Long Distance Relationships Are Challenging And Doomed From The Start
By Anonymous
In theory it was a summertime romance, but in actually it was a challenging long distance relationship. The relationship had all the components of a summer romance, and it had the potential to grow into more. But it was doomed from the start.
Two lifeguards were working together at a pretentious beach club in New England, each who spent more time looking into the other’s eyes rather than the pool. She captivated him with her intelligence and caring nature. He lured her in with compliments, his passion for politics, and especially his problems. Bipolar disorder, depression, back pains, the list was endless. For each and every problem, new and old, he explained to her, she listened and responded. She sat there with open ears and a gradually opening heart ready to fix this scarred boy.
It is not to say that she did not have her own personal problems as well. She had trust issues— particularly a fear of opening up—and avoided commitment at all costs. However, her concealment of personal problems balanced his overcompensation. Yet she was not passive in nature, for even he called her “a little too opinionated”, in subjects that were comfortable to her she was the fiercest of advocates. He liked this about her half the time, for he was also very opinionated, which led to many disagreements. Yet, this was not the catalyst to the downfall.
It was late August; with her departure for college approaching, both were becoming more candid with each other. Though neither would bluntly state their feelings toward the other, they were implied. However, always the clear thinker, she tried to be rational; every time he instigated a date she turned him down. She would become attached if they spent increased time together and this was a fearful thought. In a mere few days she would be starting a new chapter in her life, thus the old feelings must draw to a close. He was afraid to tell how her he felt, just as she was afraid of what she was feeling. So she left, only giving him a hug goodbye.
On her way to the airport, he texted her telling of a dream he had. The two of them had been dancing and full of life, until she left, after that her roommates came and killed him. Through his revelation she clearly saw his fears, what he thought would happen to their connection when she left, cessation.

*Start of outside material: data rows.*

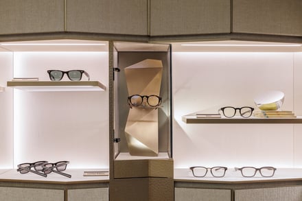 店舗デザインは、日本の伝統美とモダンな感性を融合。1階のファサードは、シャンパンカラーのメタルワークとデジタルアートで、ガラス越しに広がる壮麗な空間を表現したという。同じく1階のメインサロンは、青みを帯びた大理石とウッドの幾何学パターンを基調に、大理石のカウンターテーブルを配置。地下1階は、シアーなブルーのベルベットに、ウッドと大理石のテーブルを備えた。最上階となる2階には、プライベートサロンを用意。シルクで包まれた壁面には日本の屏風を想起させるラインを施し、シャンパンメタルとガラスのディスプレイには、折り紙の美学を昇華させたという。同サロンでは、ダイヤモンドをあしらった煌びやかなゴールドフレームなど、希少価値の高いアイウェアに加えて、限定アイテムを揃えている。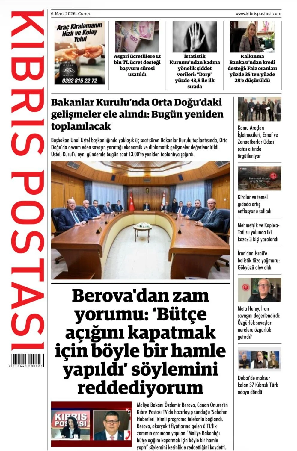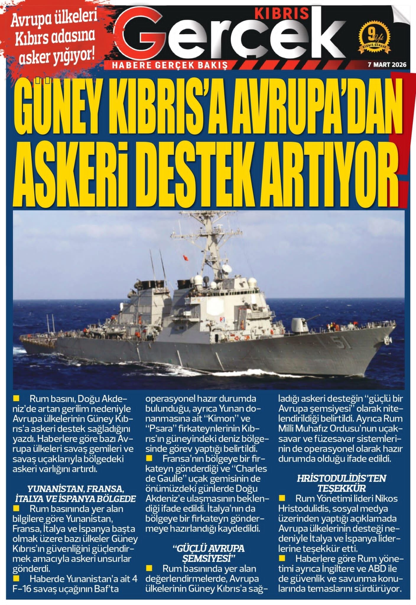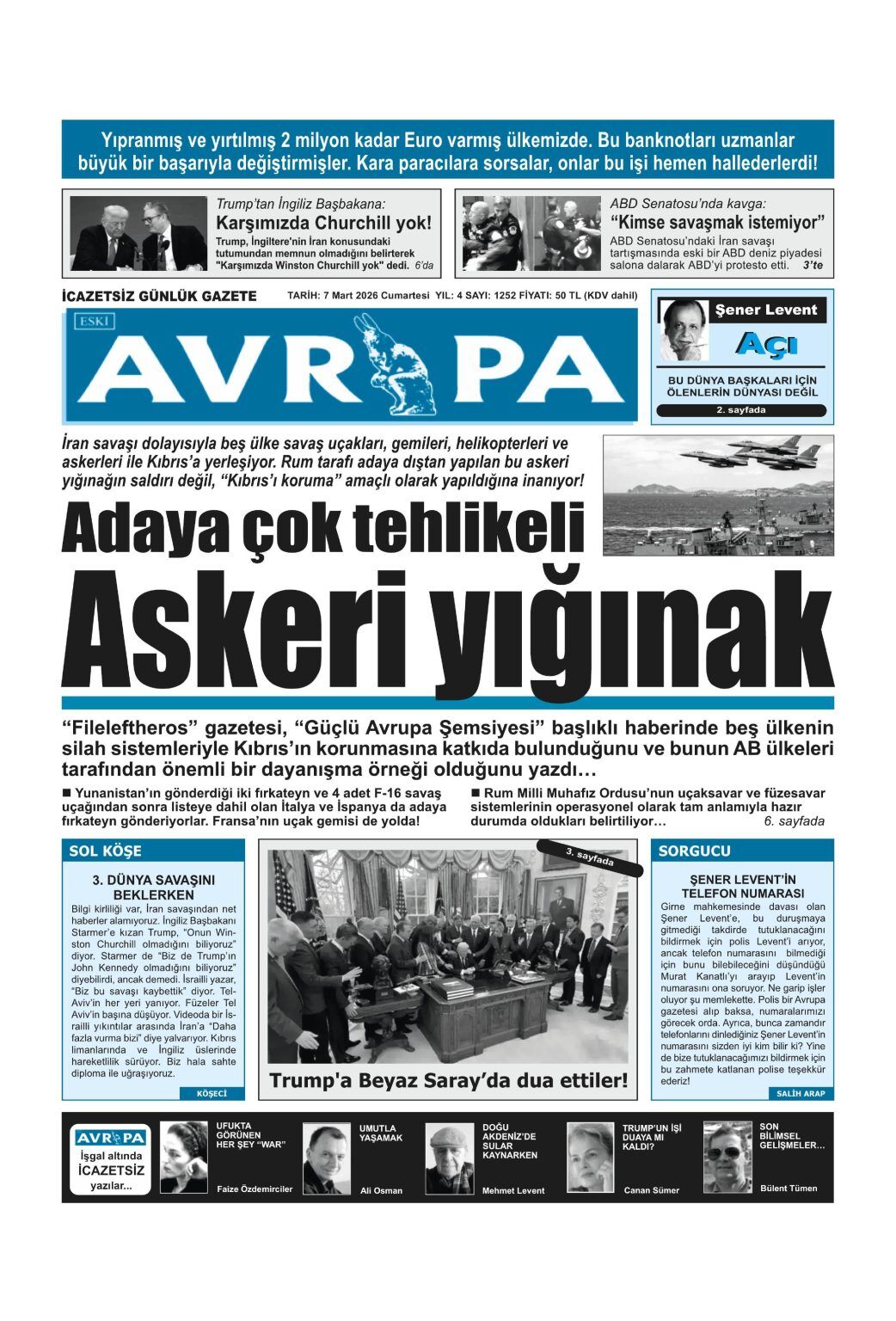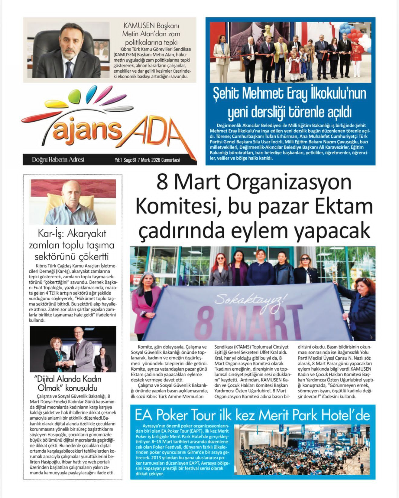 KıbrısGAZETE MANŞETLERİ (7 MART 2026)Mart 7, 2026 8:59 am Paylaş İlgili haberler DOĞU AKDENİZ DOĞA ANAOKULU’NDA “KİDS ATHLETİCS” ETKİNLİĞİ Mart 7, 2026 NÖBETÇİ ECZANELER (7 MART 2026) Mart 7, 2026 İSKELE’DE ZÜLFÜ LİVANELİ SÖYLEŞİSİNE BÜYÜK İLGİ Mart 6, 2026 Cevap bırakın Yanıtı iptal etE-posta adresiniz yayınlanmayacak. Gerekli alanlar * ile işaretlenmişlerdirYorumAd * E-posta * İnternet sitesi Daha sonraki yorumlarımda kullanılması için adım, e-posta adresim ve site adresim bu tarayıcıya kaydedilsin.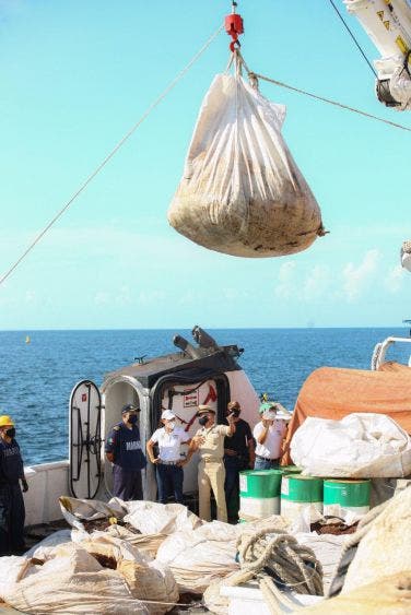 Cabe mencionar que el “Río Hondo” es una embarcación que adicionalmente a su función como buque de investigación, participa en la recolección de sargazo en altamar frente a las costas de Quintana Roo.

Upon arriving at school, she continued to talk to him; neither was able or willing to let go. Talking to him did not hinder her new experience; instead, it was enhanced. She loved having a piece of home always with her. Finally, both admitted their feelings towards each other. The question of starting a relationship was disclosed, yet a definitive answer was not to be found. He eventually became a source of comfort and security, until he abruptly stopped answering her texts.

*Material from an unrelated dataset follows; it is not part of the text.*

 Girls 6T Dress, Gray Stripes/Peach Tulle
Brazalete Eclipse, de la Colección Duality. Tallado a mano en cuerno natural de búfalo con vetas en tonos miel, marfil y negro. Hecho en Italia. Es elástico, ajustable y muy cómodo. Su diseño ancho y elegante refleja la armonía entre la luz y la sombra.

Her friends urged her to move on with her life. She was in college, young, motivated and had the world at her feet. He was back in New England, often unmotivated, flawed, and scarred. He needed her more than she needed him. She deserved better according to everyone but her. She sympathized with his flaws, wanted to fix them, and wanted to be his muse. So one night in a drunken frenzy, discouraged by his failure to ever respond, she texted him “I like you but I can’t”. He responded saying he felt the same exact way. Finally all cards were on the table. The two spent the night explaining and figuring out a solution, which came to be a long distance relationship.

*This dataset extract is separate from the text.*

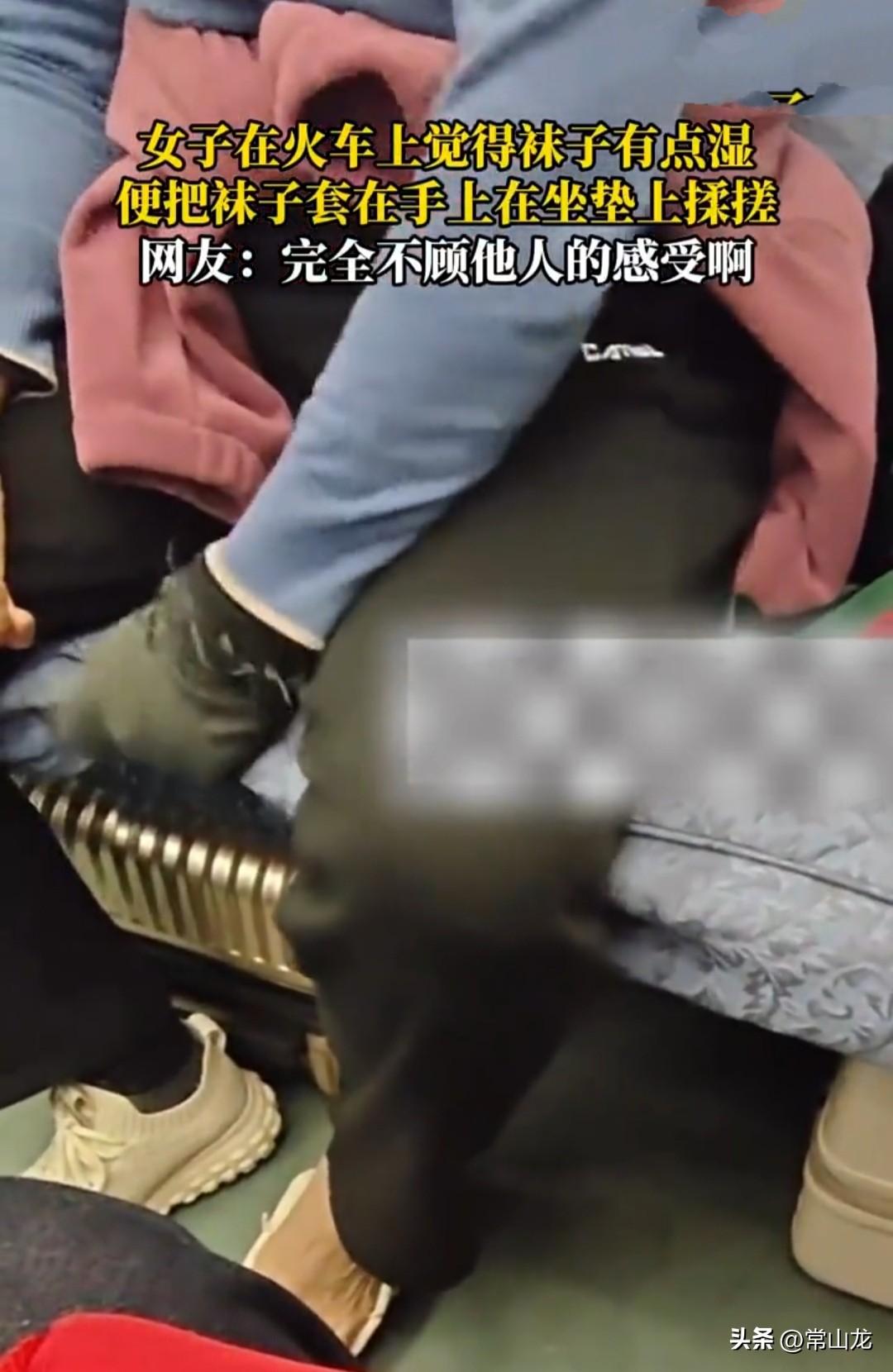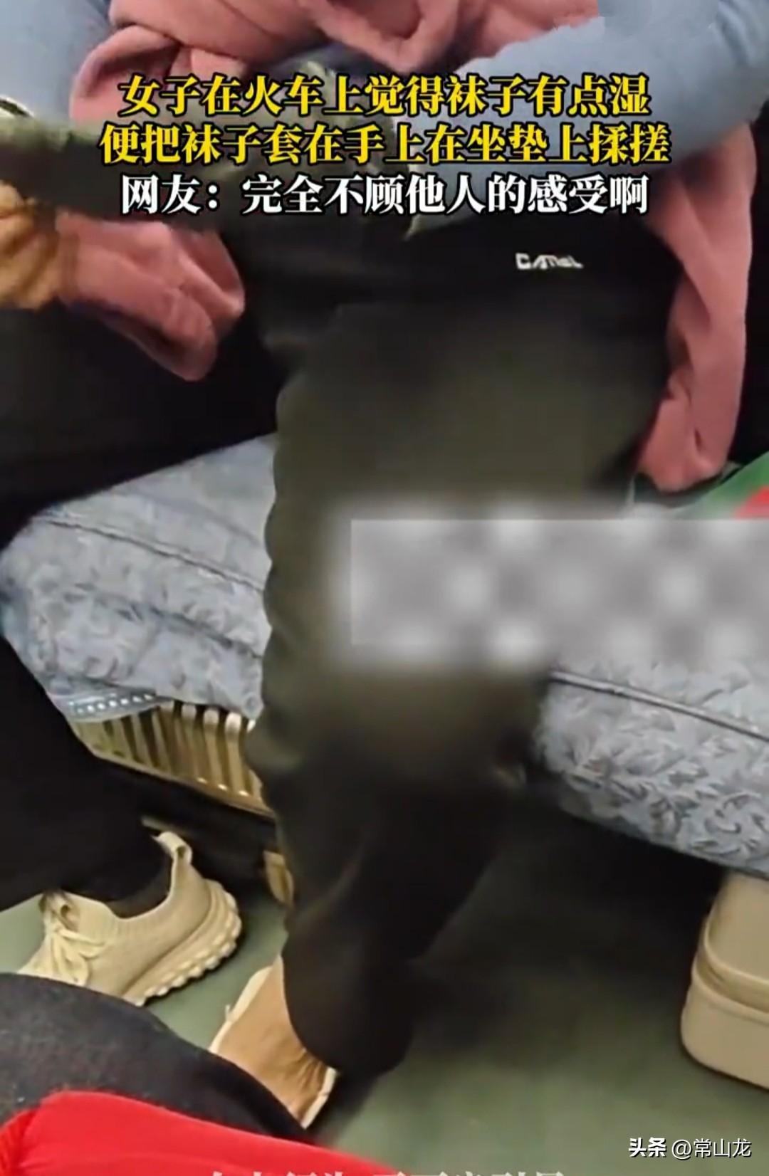 女子坐火车时觉得袜子有点湿,穿着不舒服,也不知是脚汗太重,还是进了水。 接下来女子的一个举动,让人看了三观炸裂,她将袜子脱下来套在手上,按在沙发坐垫上使劲揉搓。 此前看到一条新闻,女子因生理原因弄脏床单毯子,列车员告诉她,要么赔偿180元,要么自行清洗。女乘客说没钱,愿意自己洗,列车员给她提供了温水,还协助她清洗,在清洗过程中,女子又将另一条床单弄脏,列车员又帮她清洗,到站后女子下车自行离开,列车方面未要她任何赔偿。 那种因生理期等非故意原因弄脏卧具的,铁路部门通常不会要求赔偿。 在乘车过程中,因为呕吐、油渍等原因造成的污染属于正常范畴,清洗费用已包含在票价中。 但女子将脏袜子放在坐垫上反复揉搓,属于故意污染,这种不文明的行为不光看着恶心,还会给其他乘客带来健康风险。 袜子上的细菌、真菌、足癣会转移到坐垫上。下一个乘客直接接触,就有可能被感染。 为什么不挂在车厢内挂钩上自然风干呢? 这种情况必须要求她赔偿,而且要加倍赔偿,性质太恶劣了。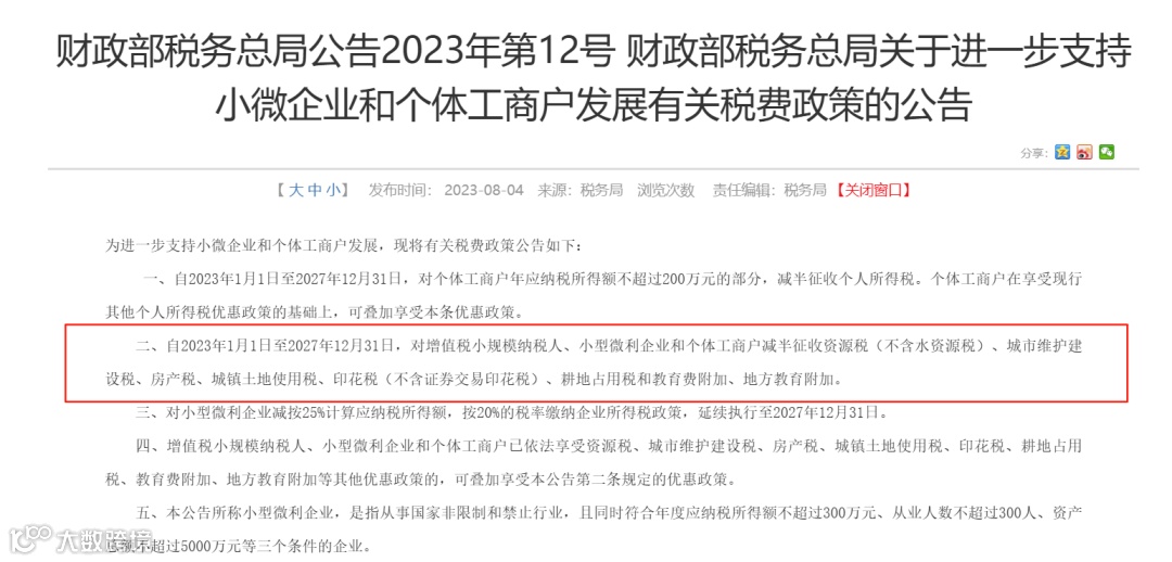 六税两费减半(资源税、城建税、房产税、印花税等):小规模纳税人仍可享受50%减免。

This was the worst solution. She began to grow anxious about being tied down and no longer independent. For independence was a mantra in her life, it was how she was raised. She stopped eating, nights became longer, as well as the hours stressing over the relationship. So she cheated. One night, in the woods with some random guy, she thought of him the whole time. That night, she did not sleep, she stayed up all night tossing and turning about her infidelity. The next morning she texted him, and ended the relationship. But still, neither was able to let go.
This relationship had all the components of a summer romance. The passion, the captivation with the other, the aching needs to touch and to feel. Both idealized each other. He was wounded in so many ways, but she was there to fix him, to make him love again. But they were in a poisonous cycle of fighting and hopelessness shifting to desire and care. This cycle led her to see that this could not work. He had so many problems, too many to fix. Every day he unleashed a new difficulty; she was running out of answers and words to say. But whatever the issue or fight, he always came back to her, saying how much he missed her, how special she was, and this drew her in deeper.
He was supposed to fly down and visit, a week before, he broke up with her. He needed her to be just a friend; the relationship was too taxing on him. Two days later they got back together. Then he told her he could no longer come down, and she knew it had to end. She wanted to break up with him, but he had just gotten bad news about needing a bad surgery. Like a nurse drawn to a wounded soldier, she felt compelled to stay.
The relationship started like a glass of water before putting lemonade mix in. It started pure, clear, and crisp, just as most summer romances do. When the mix is poured in the water it becomes convoluted, everything is foggy and unclear. Similar to the girl and boy’s emotions over the summer, both were unsure about the connection. Then the mix is poured in, everything is cohesive at that point. The drink, like the bond between the two, is sickeningly sweet. Like the mixed drink, the two seemed to mesh well together and the relationship works. However, as the time passes, and the mix begins to drift to the bottom of the glass, the taste turns bad. No longer is the combination of the two beneficial, it is tainted. Yet though the relationship is marred, the two are stuck together, trapped in the glass—in the poisonous cycle—at least until summer returns.